Continuous and discontinuous work in Turkey

In Turkey, article 10 of the Labour Law No. 4837 defines discontinuous work as work that lasts at most thirty working days in terms of its qualifications. Accordingly, the criterion of whether a work is discontinuous or not is the number of working days it should last rather than the number of days it lasts. From this point of view, even if a work lasts longer, if it can be completed in thirty working days at most, it will be considered as discontinuous work in Turkey and will have its consequences accordingly. The practical appearance of a work being a discontinuous work manifests itself as the non-application of certain provisions about that work. Accordingly, for a discontinuous work in Turkey, the following provisions are applicable: notification of the workplace (Article 3), service contract (Article 8), the limits of the distinction between fixed and indefinite-term employment contracts (Article 12), part-time and full-time employment contracts (Article 13), on-call work (Article 14), trial period (Article 15), serial termination (Article 17), and the responsibility of the new employer (Article 23), The provisions on termination of the employment contract and other related matters (Articles 24, 25, 26, 27 and 28), collective dismissal (Article 29), obligation to employ (Articles 30 and 31), failure to pay wages on time (Article 34), annual leave and related matters (Articles 53-59), employee personnel file (Article 75), severance pay fund (temporary Article 6) shall not apply.
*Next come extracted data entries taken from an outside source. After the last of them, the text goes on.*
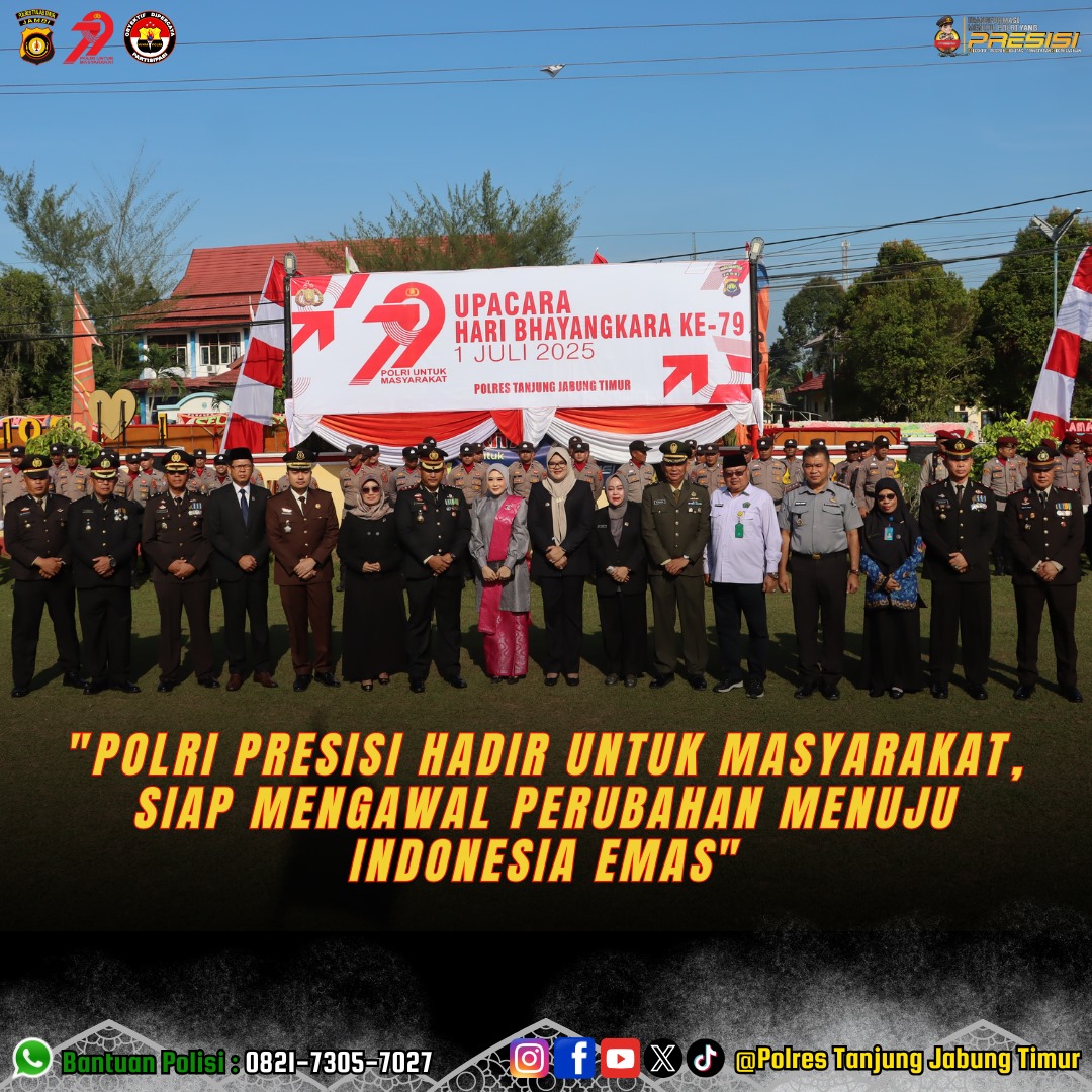 Polres Tanjung Jabung Timur melaksanakan Upacara Peringatan Hari Bhayangkara ke-79 secara khidmat di halaman Mapolres.Selasa 01/07/25.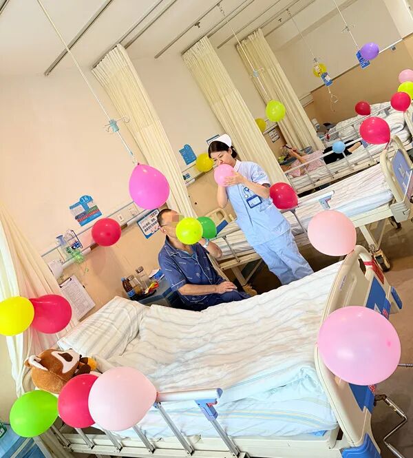 跟著這個方法練習,楊叔叔的進步肉眼可見:從一開始只能吹鼓小半只氣球,到后來能連續(xù)吹完兩三只;從吹氣球時會忍不住咳嗽,到胸口的緊繃感越來越輕,甚至能自己繞著病房走兩圈。如今,走進楊叔叔的病房,粉、紫、綠、紅的氣球隨處可見,成了病房里最亮眼的裝飾?!澳憧?,這都是我這幾天吹的,每個護士進來都會說好看,隔壁床病友也覺得好看!” 楊叔叔說起這些氣球,語氣里滿是自豪。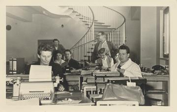 Fotografie, monochrom männliche und weibliche Mitarbeiter in einem Büro, im Vordergrund eine Schreibmaschine Rückseite mit Stempel: Robert Korn Fürth/Bay. (Fotostudio)

According to the last sentence of the same provision, in case of discontinuous works, the provisions of the Code of Obligations shall apply to the matters regulated in the relevant articles.

Trial period in Turkey

According to Article 15 of the law, the trial period can be maximum two months. However, this period can be extended up to four months by collective labour agreements. During the probationary period, the parties may terminate the employment contract without a notice period and shall not pay compensation. However, the wages and other rights of the employee for the days worked are reserved.

At this point, it is useful to mention a few frequently encountered issues. Firstly, if the probationary period is not in writing, how to prove the existence of the probationary period. Accordingly, if the employment contract does not stipulate a trial period in writing, it will no longer be possible to prove the existence of a trial period, since the written trial period is a condition of validity.

The second issue is whether the probationary period can postpone the insured recruitment procedures that must be carried out according to Law No. 5510. Since there is no such regulation in the Law No. 5510, a defence in the form of trial period and failure to notify the insured employment during this period will not be valid.

Another issue is whether the workers who have previously worked in the workplaces will be subject to a probationary period again. Accordingly, it would be contrary to the rule of good faith to provide a probationary period for a worker who has previously worked at the workplace, whose employment contract has been terminated, and who has been deemed appropriate to be employed at a later time, or for workers who apply to the workplace to start working again and who are obliged to be employed upon this application according to the reason for leaving the workplace in Turkey (for example, being too disabled to work, being elected in the labour union, etc.). However, if the termination of the employment contract is based on a reason arising from the behaviour of the employee (e.g. absenteeism, failure to pay attention to work, etc.), it should be accepted that there will be no harm in stipulating a new trial period.